| Exercise |
Would you repeat exactly the part of the listing below that runs from the line containing "Aerial tilt shift" down to the line containing "Page 133 Salisbury", inclusive, and nothing else?

| Data records |
Content starts
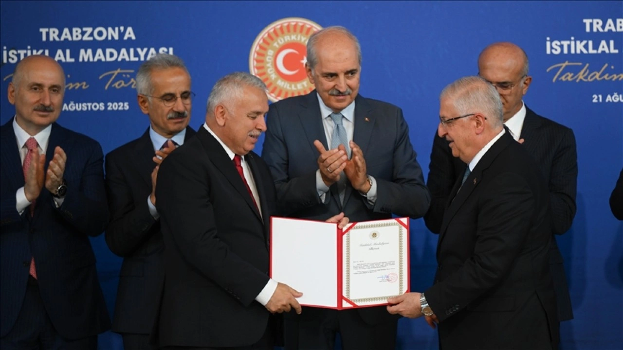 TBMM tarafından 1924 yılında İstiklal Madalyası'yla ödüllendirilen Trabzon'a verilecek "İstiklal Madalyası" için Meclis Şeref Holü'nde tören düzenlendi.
Content ends
Content starts
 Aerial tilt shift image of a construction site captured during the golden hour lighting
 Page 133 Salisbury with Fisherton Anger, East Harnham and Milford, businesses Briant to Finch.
Content ends
| Result |
 Aerial tilt shift image of a construction site captured during the golden hour lighting
 Page 133 Salisbury with Fisherton Anger, East Harnham and Milford, businesses Briant to Finch.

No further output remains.